Showing posts with label Kinsey Millhone. Show all posts
Showing posts with label Kinsey Millhone. Show all posts

14 April 2024

Kinsey Millhone: a fantasy character with fantasies.


Recently my six-month-old Bouvier puppy mistook one of my Sue Grafton books for a chew toy. I apologize to anyone who is squeamish about crime scene photos, but this is what I had to deal with.

During her life and since her death, I cannot count the number of conversations I’ve had about Sue Grafton and her character, Kinsey Millhone.

Women detectives in novels get me every time. My bookshelf and bank account concur. Like any love affair - I’m committed, invested and have opinions.

After I taped the cover of the book, I looked at Sue Grafton’s site and found a quote from N Is for Noose about Kinsey, that reveals why she is so compelling as a character:

“Get close to someone and the next thing you know, you've given them the power to wound, betray, irritate, abandon you, or bore you senseless. My general policy is to keep my distance, thus avoiding a lot of unruly emotion.
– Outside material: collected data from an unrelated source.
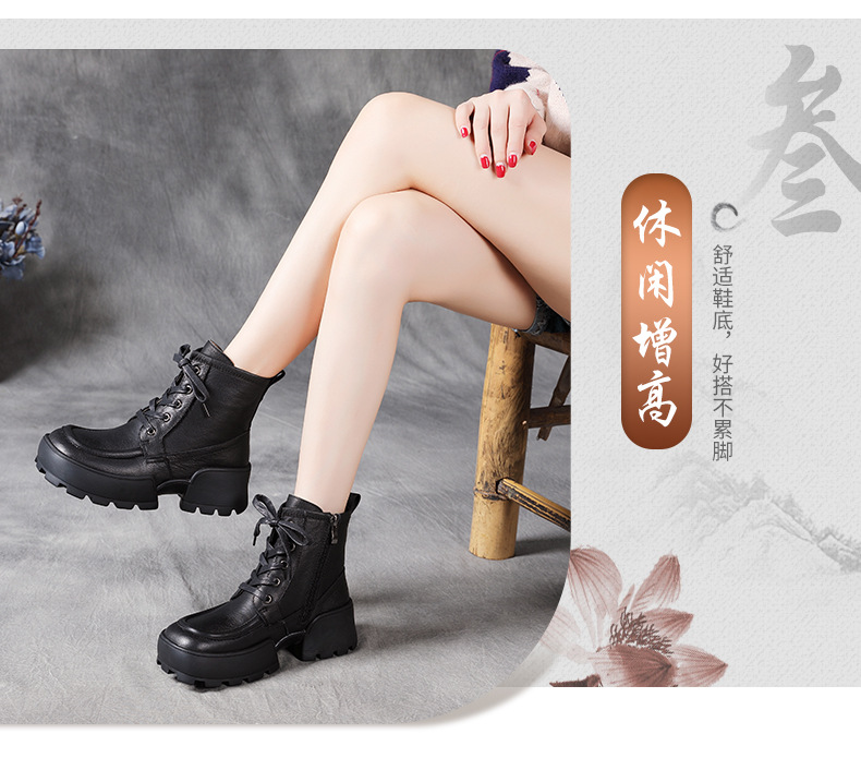 秋冬新款,厚底圆头中筒时装靴大气款洋气马丁靴BC-598-2
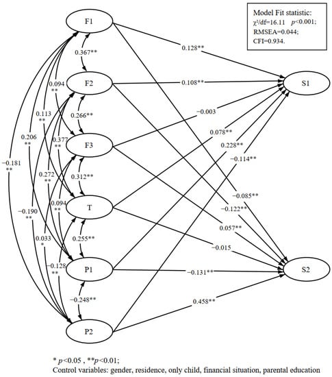 Table 2 shows the results of the correlation analysis for each central variable. Family effects were used for the latent variables “Parental relationship (F1)”, “Parental discipline (F2)”, and “Parent–school contact (F3)”. These three latent variables contain seven observed variables (x1–x7), among which the correlation coefficients of all variables are less than 0.5, except for the correlation coefficient between parent-initiated school contact and passive contact. This reflected a mutual influence between active contact and passive contact, while the correlations of the other variables were not obvious. The various aspects of the family’s effect on the development of adolescent social behavior are considered. Good family relationships were a facilitator of children’s prosocial development (p < 0.01) and were negatively associated with the development of misconduct (p < 0.01). The better the relationship between the child and the parents was, the better the development of prosocial behavior.
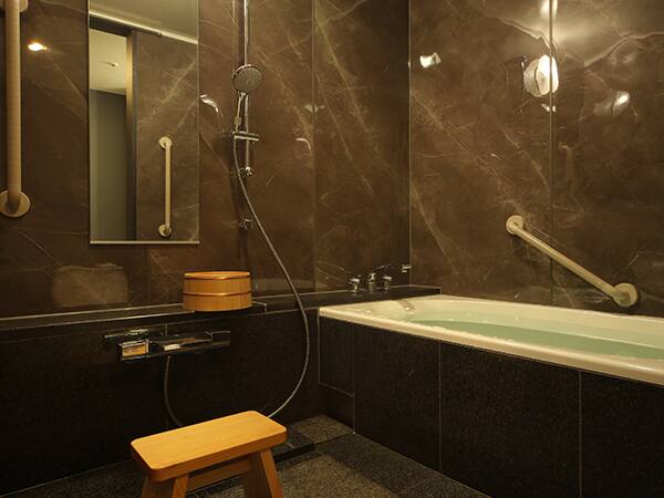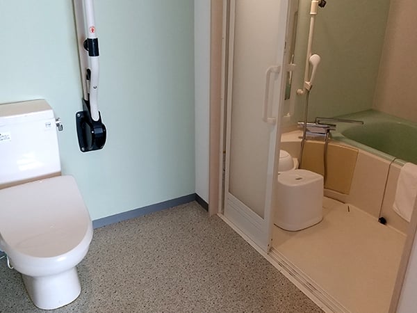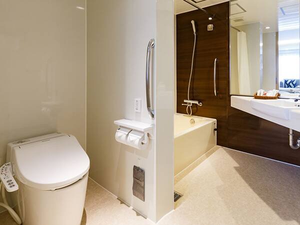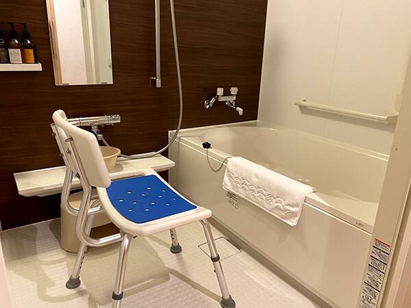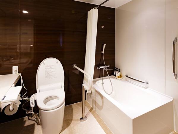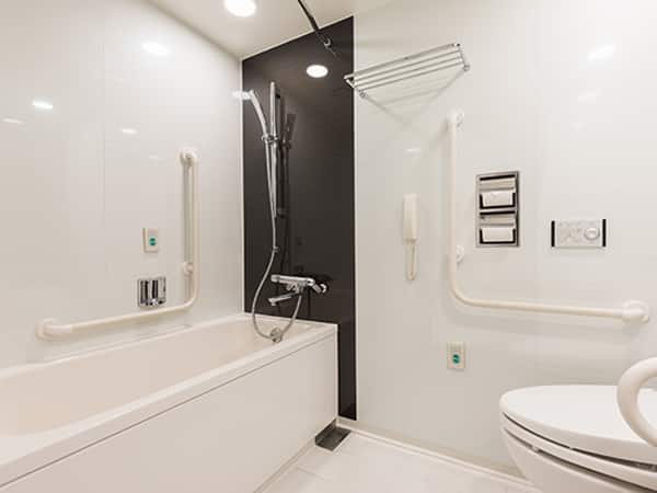 浴槽やトイレには手すりを設置し、ご高齢の方や車いすでのご利用にも配慮したバリアフリーのお部屋です。
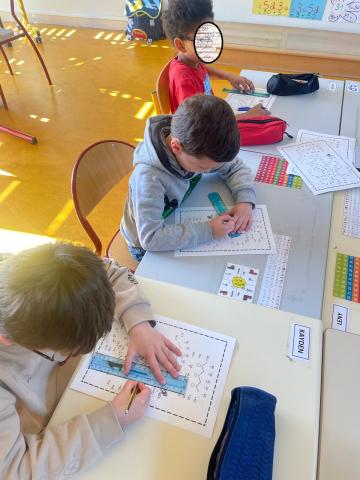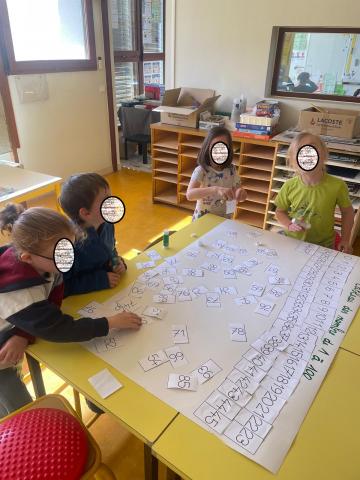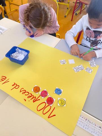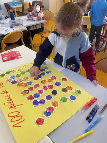 Plusieurs défis leur ont été proposés et réalisés avec succès : réalisation du tableau des nombres de 0 à 100, 100 défis maths, 100 pièces de 1€, affiche des 100 verbes/adjectifs/noms communs...
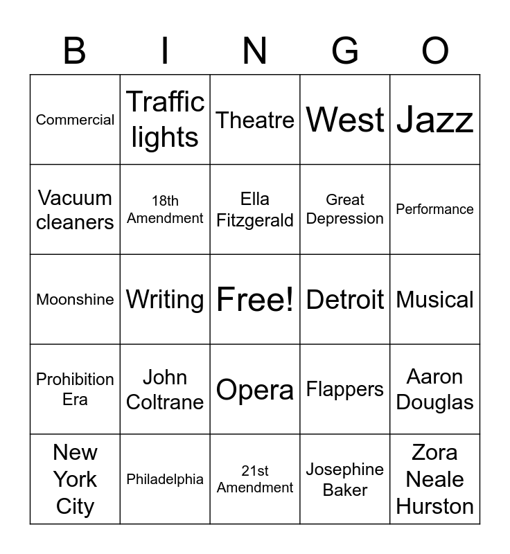 This bingo card has a free space and 42 words: Louis Armstrong, Ella Fitzgerald, Miles Davis, John Coltrane, Josephine Baker, Aaron Douglas, Zora Neale Hurston, Paul Robeson, Theatre, Opera, Musical, Performance, Writing, Jazz, Blues, Flappers, Suffrage, Moonshine, Radios, Traffic lights, Vacuum cleaners, Television, Electric Blender, Commercial, Automobile, Great Migration, Great Depression, Jazz Age, Roarin’ 20s, World War I, Stock Market Crash, Prohibition Era, 18th Amendment, 21st Amendment, Chicago, New York City, Philadelphia, Detroit, North, South, West and Midwest.
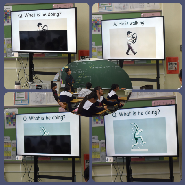 1年生英語科の授業。モニターには、何か動作をしている絵が提示されていますが、半分隠れています(写真参照)。先生が生徒達に尋ねます、 "What is he doing?". 生徒達は何をしているか想像し、互いの答えを周りの人たちに伝えています。
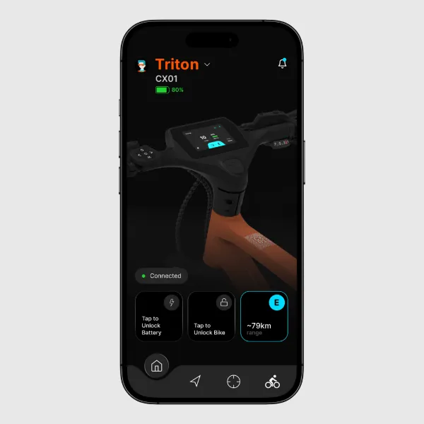 Koppel je Iphone of Android met de fiets. Navigatie kun je bedienen en aflezen op je scherm die op het stuur zit.
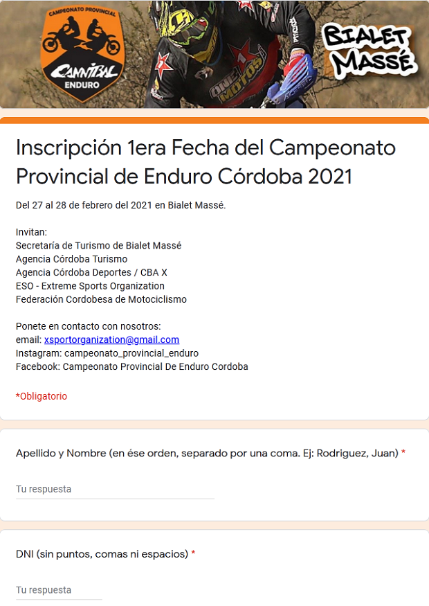 La organización del Campeonato Provincial de Enduro de Córdoba, comunicó que será fundamental que los pilotos que tengan intenciones de participar del regreso del certamen en Bialet Massé el próximo fin de semana, realicen la preinscripción online en el siguiente apartado Formulario Bialet Massé para así agilizar las administrativas y cumplir con protocolos de distanciamiento social en la pista, donde se deberá completar el trámite, pero ya de forma mas simple. Para comenzar la pre inscripción, hace click AQUÍ

In psychiatric circles, there are names for people like me.”

It is followed by this explanation: 

“Those are sentiments that hit home for Grafton's readers. And she has said that Kinsey is herself, only younger, smarter, and thinner. But are they an apt description of Kinsey's creator? Well, she's been married to Steve Humphrey for more than thirty-five years and has three children, four granddaughters, and one great grandson.  She loves cats, gardens, and good cuisine—not quite the nature-hating, fast-food loving Millhone. So: readers and reviewers beware. Never assume the author is the character in the book. Sue…is only in her imagination Kinsey Millhone—but what a splendid imagination it is.”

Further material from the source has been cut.